What is required.
Without including any image, retype the records word for word.

Data in this exercise.
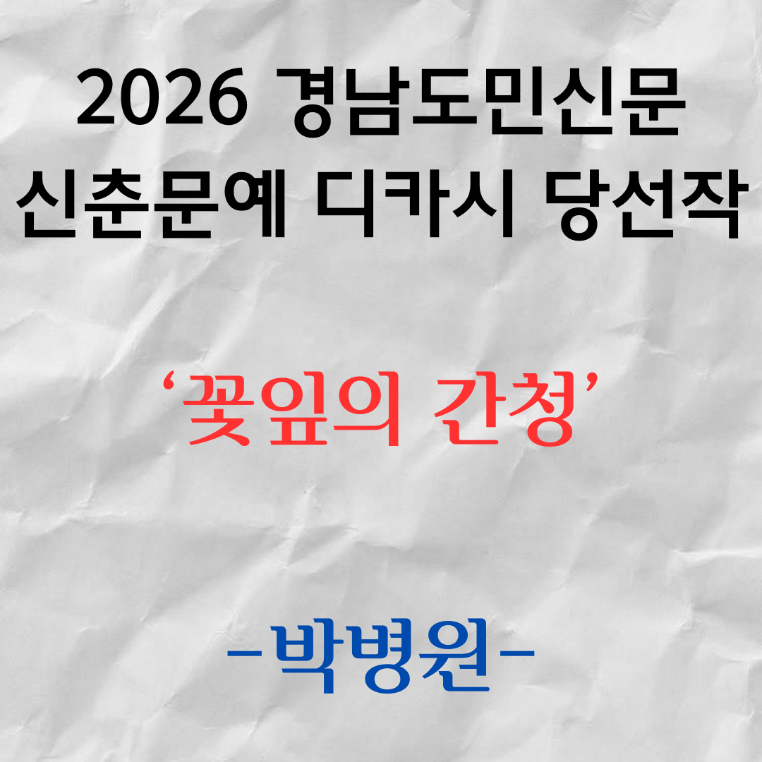 당선이라는 책임감을 무겁게 받아드리며 경남도민신문 신춘문예의 위상에 누가 되지 않도록 더욱 정진하겠습니다.
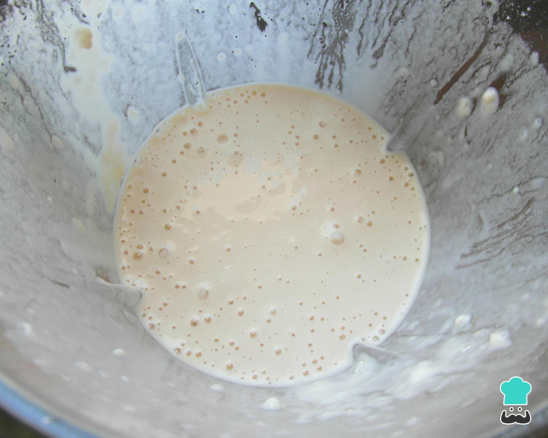 Ligue o forno nos 180ºC. Bata no liquidificador ou na batedeira a bebida vegetal, o iogurte grego, a pasta de amendoim, o ovo, as claras de ovo e o adoçante líquido.
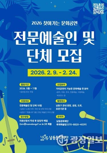 광장일보 주재영 기자 | 인천시 남동구 남동문화재단은 지역 곳곳을 무대로 펼쳐지는 ‘2026 찾아가는 문화공연’에 참여할 공연 전문예술인 및 단체를 오는 9~24일까지 공개 모집한다고 5일 밝혔다.
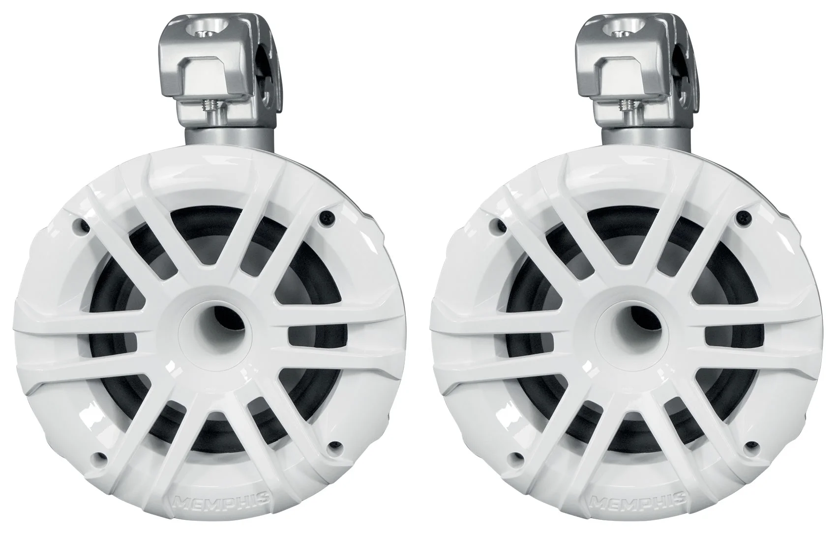 (4) Memphis MXA62TW White 6.5" Marine Wakeboard Tower Speakers+Amplifier+Amp Kit
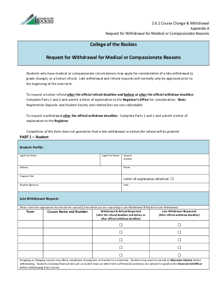 2.6.1 Course Change & Withdrawal Appendix A Request for Withdrawal for Medical or Compassionate ReasonsCollege of the Rockies Request for Withdrawal for Medical or Compassionate Reasons Students who
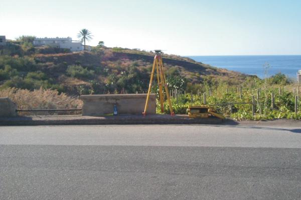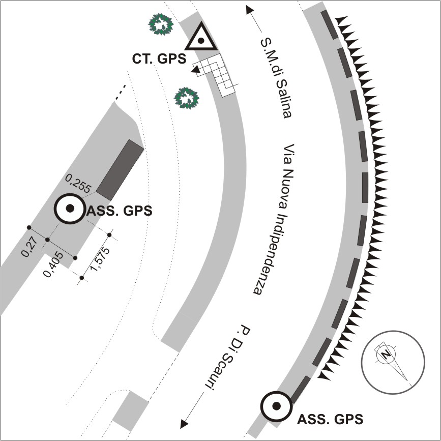 Centrino del tipo "GPS D" infisso alla sommità e prossimo alla testata nord del muro di contenimento in cemento armato di valle in via Nuova Indipendenza, posto nella periferia ovest del paese di Malfa, di fronte all' accesso della carrareccia che conduce al CT GPS.
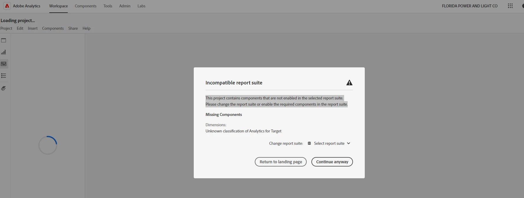 I created one activity in our workspace and used adobe analytics as a reporting source but I am facing below issue:
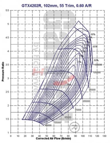 Originální turbo od firmy Garrett řady GT-X s dvojitými kuličkovými ložisky (ball bearing). Nejnovější řada dmychadel od firmy Garrett s přepracovanou kompresorovou částí s antisurge komorou, která eliminuje turbolag (tzv. turbodíru), a novým designem kompresorových lopatek, vyrobených z kovaného hliníku. Turbodmychadla zajišťují perfektní průtok vzduchu, mají mnohem rychlejší nástup a vyšší výkon o 10-20% než klasická řada GT. Ložiska chlazeny vodou a olejem.
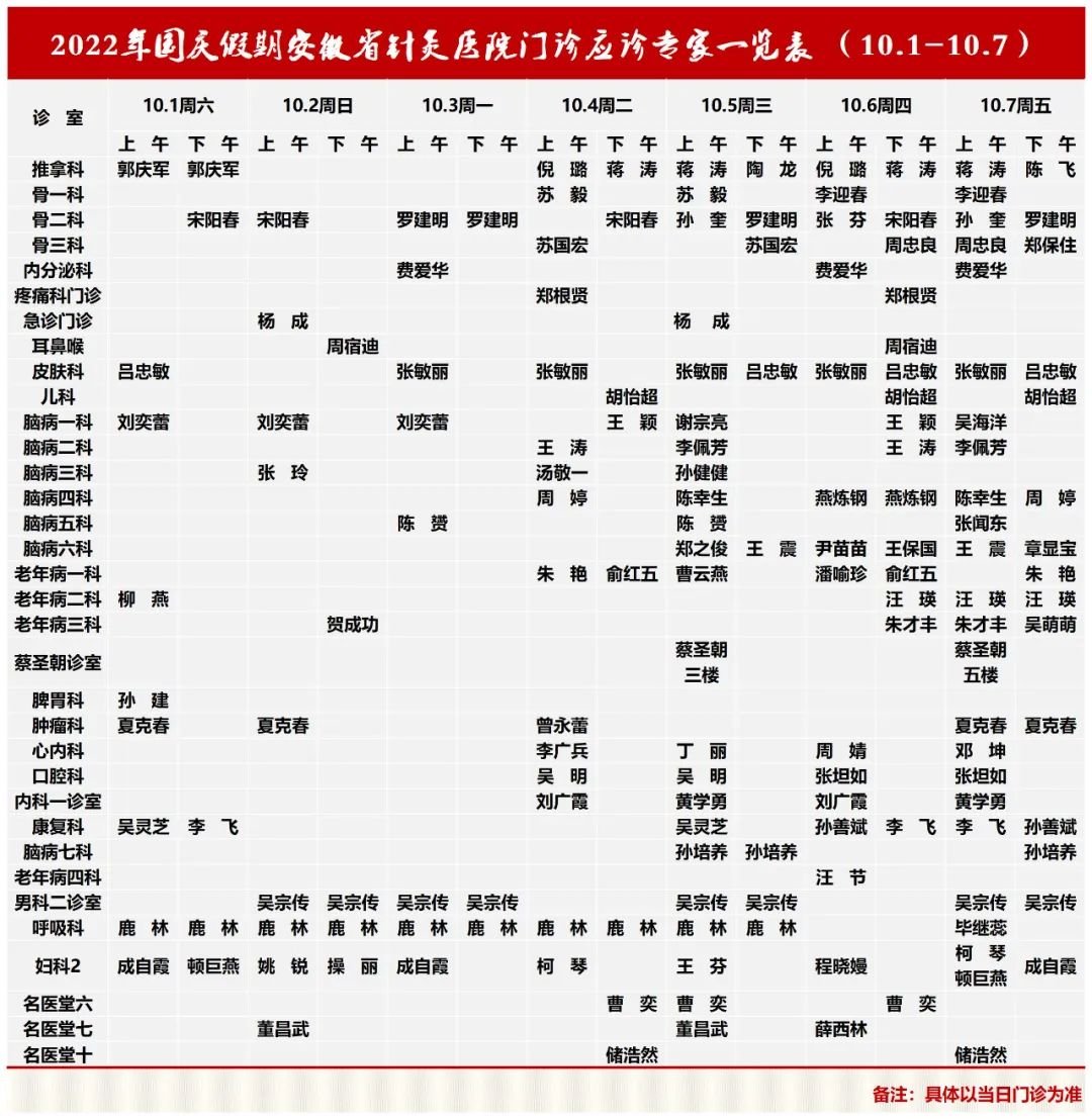 2022合肥国庆节安徽省针灸医院门诊应诊安排表
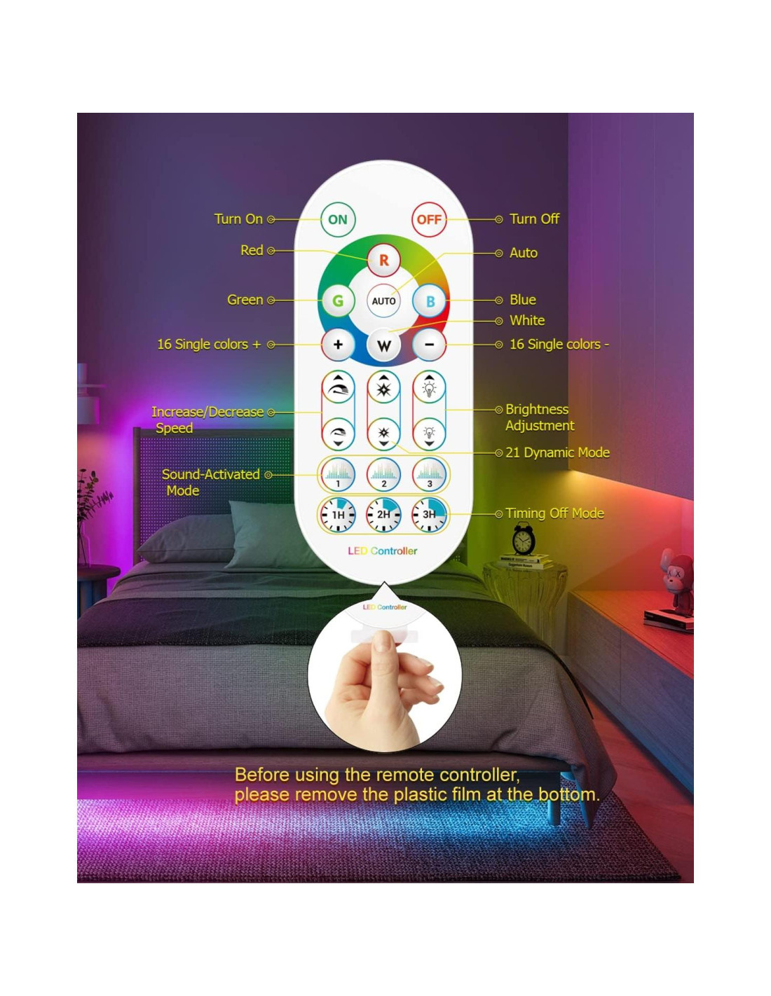 A diferencia de las luces RGB tradicionales, al usar nuestras luces LED para TV DAYMEET, varios colores pueden perseguirse en una línea. La tira de luz muestra un efecto similar a un arcoíris (color de sueño), hay 213 tipos de modos de luz como modo de luz en movimiento, luz de persecución, etc. Recordatorio amable: Nuestras luces de fondo LED para TV tienen cinco modos de aplicación: modo RGB, modo de sincronización de música, 213 modos de color fantásticos, modo de música y modo de temporizador. Luz para TV Daymeet de 5M, adecuada para TV de 32-75 pulgadas. Las perlas de lámpara de tecnología RGB brindan una experiencia de iluminación más brillante. Más de 16 millones de colores cambian, brindándote un efecto más deslumbrante y sorprendente que las tiras de luz LED tradicionales para TV. Modo de música mejorado: micrófono ultrasensible que se sincroniza fácilmente con cualquier tipo de música. Consejo: Asegúrate de que el voltaje de la tira de luz sea de 5V, si el voltaje es superior a 5V, las perlas de la lámpara se quemarán. Si el USB está conectado a la TV, la luminosidad no es suficiente y la tira de luz y el control remoto no funcionan, se recomienda conectar las luces de TV a un enchufe de corriente normal y asegurarse de que el voltaje y la corriente de alimentación sean de 5V y no haya obstáculos. La tira de luz LED para TV Daymeet viene con un control remoto mejorado para que puedas ajustar el brillo, color y modo de forma remota incluso desde la cama o el sofá, disfruta del maravilloso efecto de las tiras de luz LED RGB. No modifiques la secuencia de pines, recomendamos Rojo, Verde y Azul. Con la aplicación, la tira de luz LED para TV Daymeet de 5M con 16 millones de colores puede ajustarse para ti. Crea una atmósfera romántica para tu familia. 1. Verifica que la tira de luz LED funcione correctamente, limpia la superficie y mantenla seca. 2. Planifica la ruta de instalación, quita la capa protectora y pégala. 3. Adhiere las luces de fondo LED para TV. 4. Conéctalas a tu TV para probar la función a través de la APP. La tira de luz flexible es fácil para la instalación en esquinas. Pero no dobles ni pliegues la tira de luz en exceso, de lo contrario, llevará a un mal contacto interno del cable y la tira de luz funcionará de manera anormal.
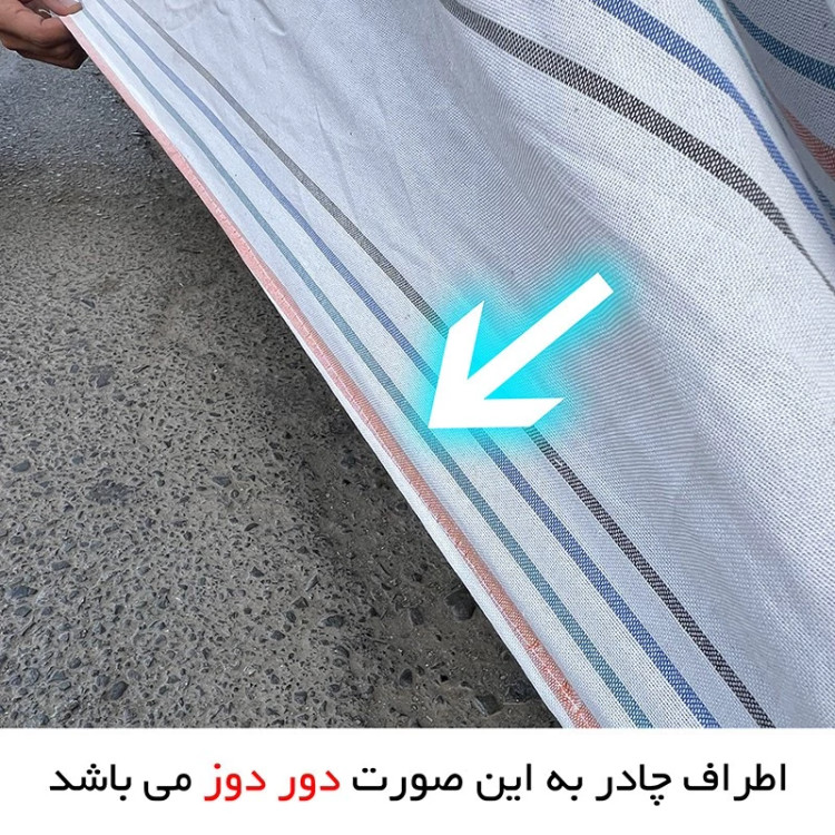 مشخصات-سایر توضیحات: این چادر خودرو به صورت کاملا -دور دوز- شده می باشد، به این شکل که تمامی اطراف چادر خودرو دوخت شده که اصطلاحا از ریش ریش شده پارچه چادر جلوگیری شود xx ضد اشعه مضر خورشید xx پارچه مرغوب درجه یک xx با الیاف پنبه ای xx ضد اشعه xx قابل شستشو

Answer box.
 당선이라는 책임감을 무겁게 받아드리며 경남도민신문 신춘문예의 위상에 누가 되지 않도록 더욱 정진하겠습니다.
 Ligue o forno nos 180ºC. Bata no liquidificador ou na batedeira a bebida vegetal, o iogurte grego, a pasta de amendoim, o ovo, as claras de ovo e o adoçante líquido.
 광장일보 주재영 기자 | 인천시 남동구 남동문화재단은 지역 곳곳을 무대로 펼쳐지는 ‘2026 찾아가는 문화공연’에 참여할 공연 전문예술인 및 단체를 오는 9~24일까지 공개 모집한다고 5일 밝혔다.
 (4) Memphis MXA62TW White 6.5" Marine Wakeboard Tower Speakers+Amplifier+Amp Kit
 2.6.1 Course Change & Withdrawal Appendix A Request for Withdrawal for Medical or Compassionate ReasonsCollege of the Rockies Request for Withdrawal for Medical or Compassionate Reasons Students who
 Centrino del tipo "GPS D" infisso alla sommità e prossimo alla testata nord del muro di contenimento in cemento armato di valle in via Nuova Indipendenza, posto nella periferia ovest del paese di Malfa, di fronte all' accesso della carrareccia che conduce al CT GPS.
 I created one activity in our workspace and used adobe analytics as a reporting source but I am facing below issue:
 Originální turbo od firmy Garrett řady GT-X s dvojitými kuličkovými ložisky (ball bearing). Nejnovější řada dmychadel od firmy Garrett s přepracovanou kompresorovou částí s antisurge komorou, která eliminuje turbolag (tzv. turbodíru), a novým designem kompresorových lopatek, vyrobených z kovaného hliníku. Turbodmychadla zajišťují perfektní průtok vzduchu, mají mnohem rychlejší nástup a vyšší výkon o 10-20% než klasická řada GT. Ložiska chlazeny vodou a olejem.
 2022合肥国庆节安徽省针灸医院门诊应诊安排表
 A diferencia de las luces RGB tradicionales, al usar nuestras luces LED para TV DAYMEET, varios colores pueden perseguirse en una línea. La tira de luz muestra un efecto similar a un arcoíris (color de sueño), hay 213 tipos de modos de luz como modo de luz en movimiento, luz de persecución, etc. Recordatorio amable: Nuestras luces de fondo LED para TV tienen cinco modos de aplicación: modo RGB, modo de sincronización de música, 213 modos de color fantásticos, modo de música y modo de temporizador. Luz para TV Daymeet de 5M, adecuada para TV de 32-75 pulgadas. Las perlas de lámpara de tecnología RGB brindan una experiencia de iluminación más brillante. Más de 16 millones de colores cambian, brindándote un efecto más deslumbrante y sorprendente que las tiras de luz LED tradicionales para TV. Modo de música mejorado: micrófono ultrasensible que se sincroniza fácilmente con cualquier tipo de música. Consejo: Asegúrate de que el voltaje de la tira de luz sea de 5V, si el voltaje es superior a 5V, las perlas de la lámpara se quemarán. Si el USB está conectado a la TV, la luminosidad no es suficiente y la tira de luz y el control remoto no funcionan, se recomienda conectar las luces de TV a un enchufe de corriente normal y asegurarse de que el voltaje y la corriente de alimentación sean de 5V y no haya obstáculos. La tira de luz LED para TV Daymeet viene con un control remoto mejorado para que puedas ajustar el brillo, color y modo de forma remota incluso desde la cama o el sofá, disfruta del maravilloso efecto de las tiras de luz LED RGB. No modifiques la secuencia de pines, recomendamos Rojo, Verde y Azul. Con la aplicación, la tira de luz LED para TV Daymeet de 5M con 16 millones de colores puede ajustarse para ti. Crea una atmósfera romántica para tu familia. 1. Verifica que la tira de luz LED funcione correctamente, limpia la superficie y mantenla seca. 2. Planifica la ruta de instalación, quita la capa protectora y pégala. 3. Adhiere las luces de fondo LED para TV. 4. Conéctalas a tu TV para probar la función a través de la APP. La tira de luz flexible es fácil para la instalación en esquinas. Pero no dobles ni pliegues la tira de luz en exceso, de lo contrario, llevará a un mal contacto interno del cable y la tira de luz funcionará de manera anormal.
 مشخصات-سایر توضیحات: این چادر خودرو به صورت کاملا -دور دوز- شده می باشد، به این شکل که تمامی اطراف چادر خودرو دوخت شده که اصطلاحا از ریش ریش شده پارچه چادر جلوگیری شود xx ضد اشعه مضر خورشید xx پارچه مرغوب درجه یک xx با الیاف پنبه ای xx ضد اشعه xx قابل شستشو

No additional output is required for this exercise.